Lo que no se va a modificar es su colaboración con la organización no gubernamental Plan Internacional. «Les suministramos Forza para que puedan alimentar a los niños del campo, de zonas como Kaolack, Louga o Thies». Durante diez días los alimentan con el gofio de Palmasen, y después de ese período «se ha demostrado que los niños cogen peso y están más saludables». Con Forza, además, «hay suficiente para alimentar a un pequeño durante toda una semana».
La confianza que los senegaleses han depositado en esta compañía se ha traducido en unos beneficios en alza. Ahora están comprando el edificio donde tienen las oficinas y el almacén, «hemos invertido en esta operación 25 millones CFA». Este año se prevé que obtendrán unos 30 millones CFA de beneficios (45.734 euros), el doble del año pasado que consiguieron quince.
«Al principio nos costó mucho vender, pero cada vez tenemos más aceptación en el mercado, son los senegaleses los que nos han escogido».
Ayuda también contar con el apoyo de muchos médicos, apunta, «que recomiendan Forza para los niños». De hecho, las bolsas de gofio se venden también en hospitales como el Fann, el Alberto Royer o el Principal.
Cambio de actitud
Todo esto lo han conseguido «con seriedad, cumpliendo con nuestros compromisos». Para Mael es necesario un cambio de actitud por parte de los africanos, «porque no se pueden conseguir beneficios en un día», y de los europeos, «porque los productos que se coloquen aquí tienen que ser de primera calidad». Bajo esas premisas, «es fácil triunfar en África porque se necesitan muchas cosas».
Palmasen, ahora, piensa en nuevos productos, en diversificar, y en la fábrica que quieren abrir dentro de poco, «para producir nosotros aquí el gofio con trigo importado, así crearemos más puestos de trabajo». La empresa ahora la forman diez personas: Mael, un director comercial, un responsable de marketing, tres administrativos, dos chóferes, dos guardianes, dos comerciales en Saint Louis y Cassamance y una persona que se encarga de llevar el producto a la calle para hacer degustaciones, anota.

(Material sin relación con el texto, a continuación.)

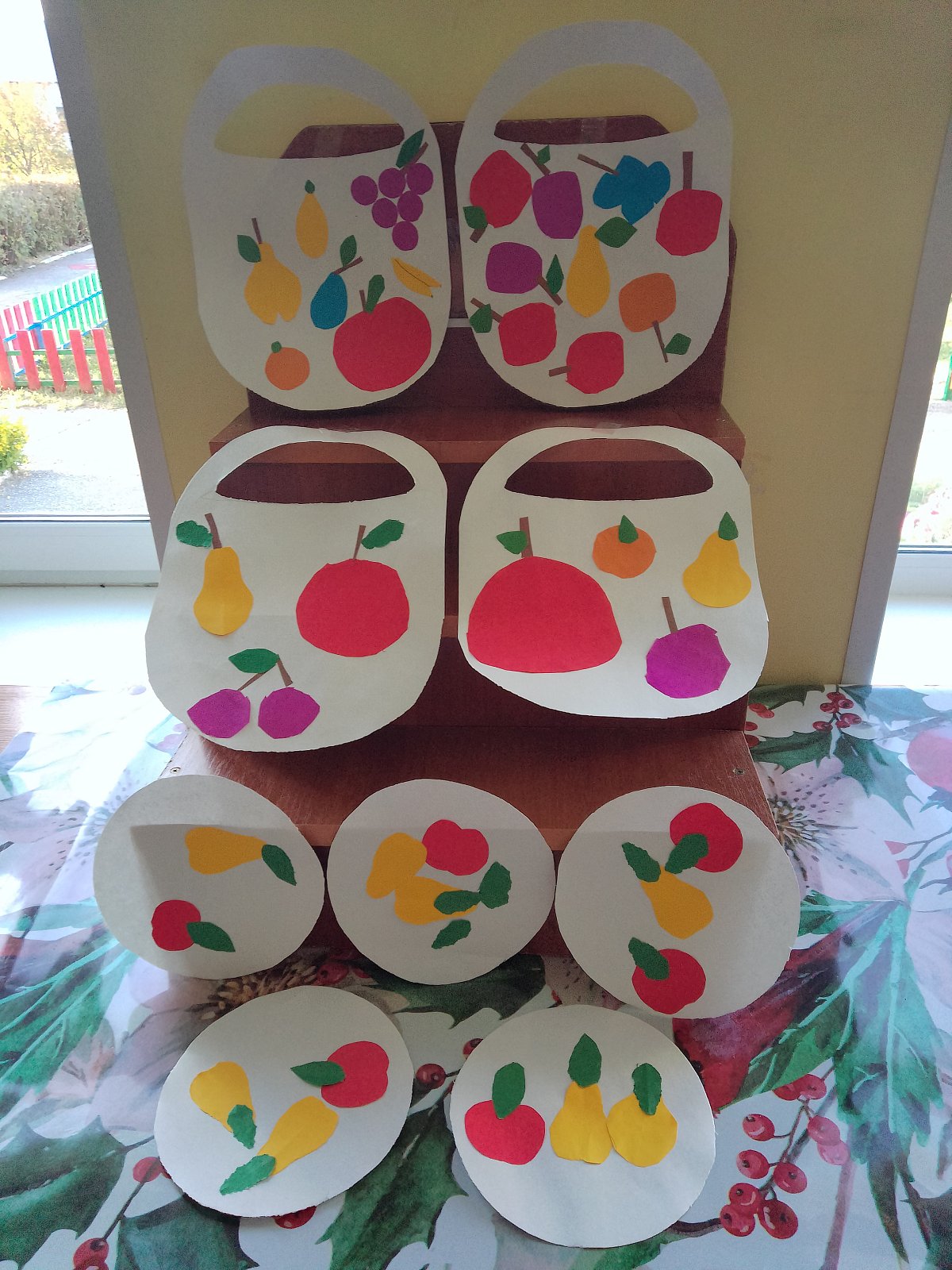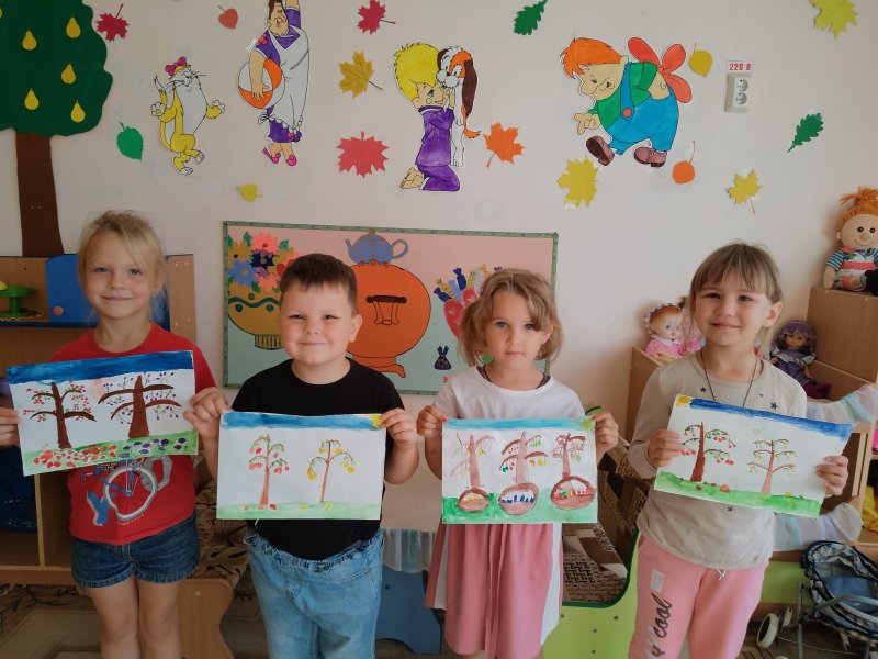 Дети отгадывали загадки, слушали сказку В. Сутеева "Яблоко". Дошкольники выполнили аппликацию "Корзина с фруктами", а малыши "Яблочки и груши лежат на тарелочке". Ребята рисовали "Фруктовый сад", где закрепляли технику рисования плодовых деревьев красками.

También están pensado en abrir nuevos mercados, o más bien consolidarlos en Bamako, capital de Mali, y en Guinea Bissau. «Queremos crear empresas allí, porque hace tiempo que mandamos partidas de gofio y está funcionando bien», explica Mael con una cara de orgullo difícil de disimular. «Nuestro modelo es un modelo de trabajo serio, y es lo que hace falta en África».